A retrospective study was conducted to examine patients with endometrial cancer who underwent surgical staging including oophorectomy between 2000 and 2013 (n = 714). Cumulative risk of VTE was examined based on the NAFLD status. A Cox proportional hazard regression model was used to determine the independent risk predictors of VTE.

Results:

Venous thromboembolism and NAFLD were seen in 57 (8.0%) and 181 (25.4%) cases, respectively. Two-year cumulative risks of VTE and NAFLD were 7.9% and 19.3%, respectively. In univariate analysis, VTE was significantly associated with decreased disease-free survival (2-year rate, 43.6% vs 91.4%, P < .001) and overall survival (65.8% vs 96.8%, P < .001), whereas NAFLD was associated with decreased risk of VTE (1.7% vs 10.4%, P < .001). In multivariate analysis controlling for clinicopathological factors, NAFLD remained an independent predictor of decreased risk of VTE (hazard ratio [HR]: 0.24, 95% confidence interval [CI]: 0.07–0.79, P = .02). Thrombocytosis (HR: 2.30, 95% CI: 1.22-4.35, P = .01), cancer antigen 125 ≥ 35 (HR: 3.81,95% CI: 1.78-8.17, P < .001), and recurrent disease (HR: 4.57, 95% CI: 1.97-10.6, P < .001) remained as independent predictors of increased risk of VTE.

Conclusion:

Our results suggest that NAFLD may be associated with decreased VTE risk in women with endometrial cancer.
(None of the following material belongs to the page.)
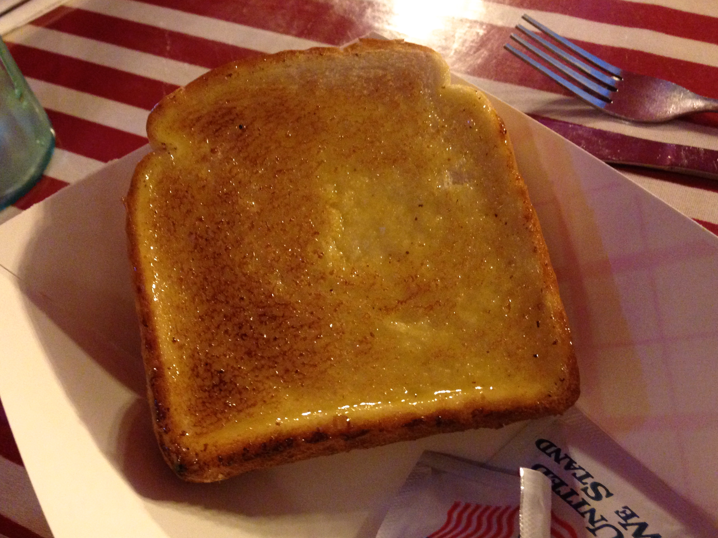 And now a shout-out to the Texas toast, which looks lonely in its own little basket. As you have seen, there is no room on the plate. Only in Texas could they come up with an appetizing name for a large hunk of white bread that’s slathered in butter and garlic. I did eat a couple of guilt-laden bites, though.
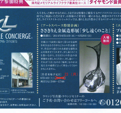 金属という素材に温かく柔らかな息吹を吹き込むささきりえさんの作品展です。

Keywords: endometrial cancer, venous thromboembolism, nonalcoholic fatty liver disease, survival

Introduction

Endometrial cancer is the most common of the gynecologic cancers.1 Surgery with hysterectomy and salpingo-oophorectomy remains the standard treatment of endometrial cancer. As a consequence of oophorectomy, young premenopausal women will experience estrogen withdrawal that impact both short- and long-term effects in health.2

Estrogen loss leads to several metabolic derangements including development of visceral adiposity, insulin resistance, and impaired glucose metabolism.3 Estrogen plays an important role in maintaining lipid metabolism, and its deficiency has been related to lipid accumulation in the hepatocyte (hepatic steatosis), development of nonalcoholic fatty liver disease (NAFLD), and insulin resistance. According to a recent study, NAFLD is one of the most prevalent conditions diagnosed after surgical menopause in young women with endometrial cancer.4 Nonalcoholic fatty liver disease entails a spectrum of liver damage, which ranges from simple steatosis to nonalcoholic steatohepatitis, advanced fibrosis, and cirrhosis and can lead to mild to moderate liver dysfunction.5 Maintenance of hemostasis is one of the many vital functions governed by the liver. The liver plays a central role in synthesizing several factors belonging to the pathways of coagulation, anticoagulation, fibrinolysis, and platelet production. Therefore, patients with chronic liver disease may experience coagulation and hemostatic disorders.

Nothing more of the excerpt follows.